Allied Vision Technologies’ Mattfeldt explains that, thanks to digital imaging, it has become easier to make vision systems communicate with automated systems. ‘Typically, vision systems used to be implemented to check the quality of finished goods or parts on the production line and sort out defects. Now, the measured data can be quickly and directly fed into automated systems upstream for correction. The next step is to implement vision systems in direct combination with the robotic system, as demonstrated by the EDAG Best-Fit system. In this way, vision is no longer used for post-production inspection, but rather to optimise assembly quality in the first place.’

Mark Williamson, sales and marketing director at Firstsight Vision, a UK-based provider of vision technology and part of the Stemmer Imaging Group, says: ‘The amount of individual parts involved in connecting a camera to a robot is gradually reducing. The traditional method for connecting a vision system to a robot involved four components: a dumb camera would feed into a vision processor box which would link in with a robot controller box that would guide the robot. This was reduced to three components with the advent of smart cameras, which combined camera and vision processor.
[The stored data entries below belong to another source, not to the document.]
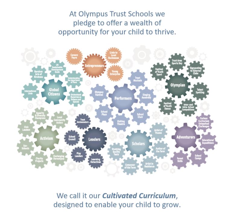 We strive to offer an enhanced ‘cultivated curriculum’ offering our children more opportunities to develop skills across and beyond the national curriculum. Our Olympus Pledge outlines the enhanced curriculum offer for our children.
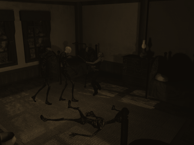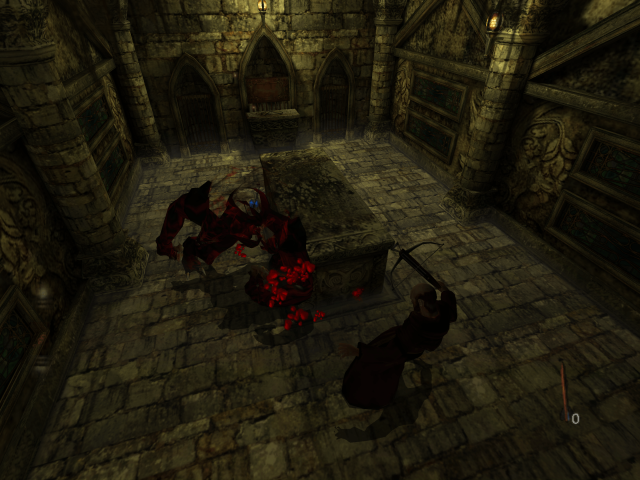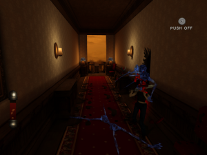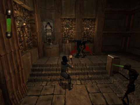 The game plays roughly similar to other horror games of the time. Characters can attack an enemy’s head, two arms, and torso. This adds some strategy, since a headless zombie will flail about or an armless zombie will have a hard time attacking. Players collect runes to unlock spells that can restore health & sanity, provide a shield, and summon enemies to control. However, characters feel too weighty in their attacks. It’s also too easy for enemies to hit players out of their attacks, with walls being a problem if the player is too close when using a melee weapon. Characters become winded and needed a rest after running. How far they can go varies by character, similar to Silent Hill‘s protagonists, with younger ones able to push farther running than older folks. One of the most unique enemies, a scorpion-like creature called the trapper, is a bit of a nuisance. They react to noise, and teleport the player to a strange realm floating platforms when they hear them, which sounds clever. Having to find your way out of shifting teleporters and random enemies, however, quickly becomes tedious, especially in a room full of the little buggers.
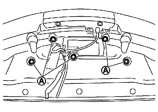 1.Remove rear spoiler. Refer to "Removal and Installation" Removal And Installation.
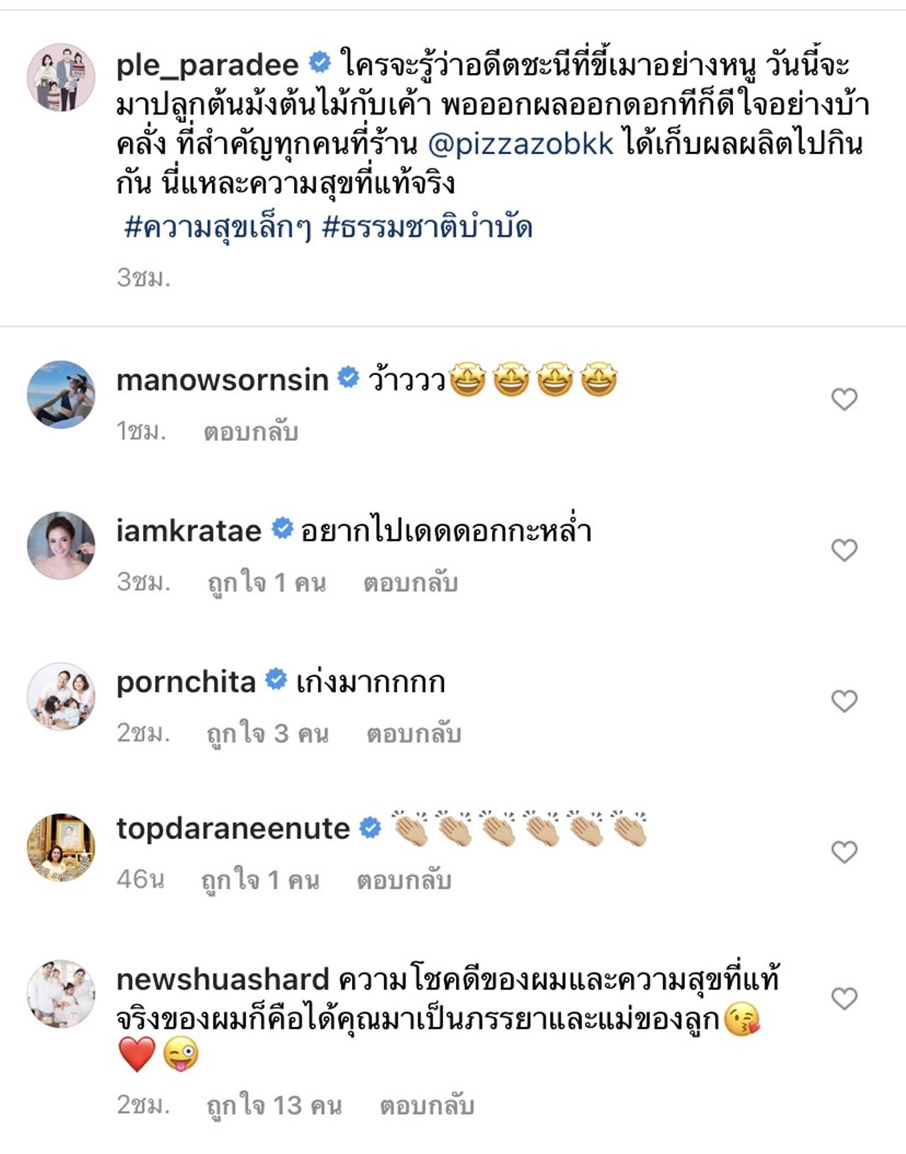 และนอกจากสามีสุดที่รักจะเข้ามาคอมเมนต์ชมแล้ว งานนี้ เพื่อนทั้งในและนอกวงการ รวมไปถึงแฟนๆ ก็เข้ามาคอมเมนต์ชมในฝีมือการปลูกผักของ เปิ้ล ภารดี เป็นจำนวนมากอีกด้วย

‘The people responsible for programming robots didn’t understand vision and vice versa, so there was often a programming barrier involved in integrating the two systems,’ he adds.

Stemmer Imaging, Firstsight Vision’s parent company, has developed a product based on its Common Vision Blox software, which is installed directly on the robot controller and is controlled via the robot’s programming language. Using the module, dubbed V4R (Vision for Robots), an industrial camera can be fully integrated into a robotic system using only one set of programming languages. ‘The camera is connected directly to the robot controller via a Gigabit Ethernet interface and the software runs the vision system on the robot. V4R, therefore, cuts out processor intermediaries by allowing the vision unit and robot to talk directly to each other,’ says Williamson.

‘Robots are traditionally programmed to move between set positions,’ he explains. ‘Typically robots can be used to make inspections at certain coordinates and move between these coordinates in a fixed pattern. This is a very simple way of using robotics and machine vision. When vision starts to control a robot intelligently, as opposed to just positioning the inspection view, then this becomes a much more useful tool. For instance, sorting applications, where multiple items pass down a conveyor belt in random positions and are automatically sorted by the robotic system, make good use of this technology.’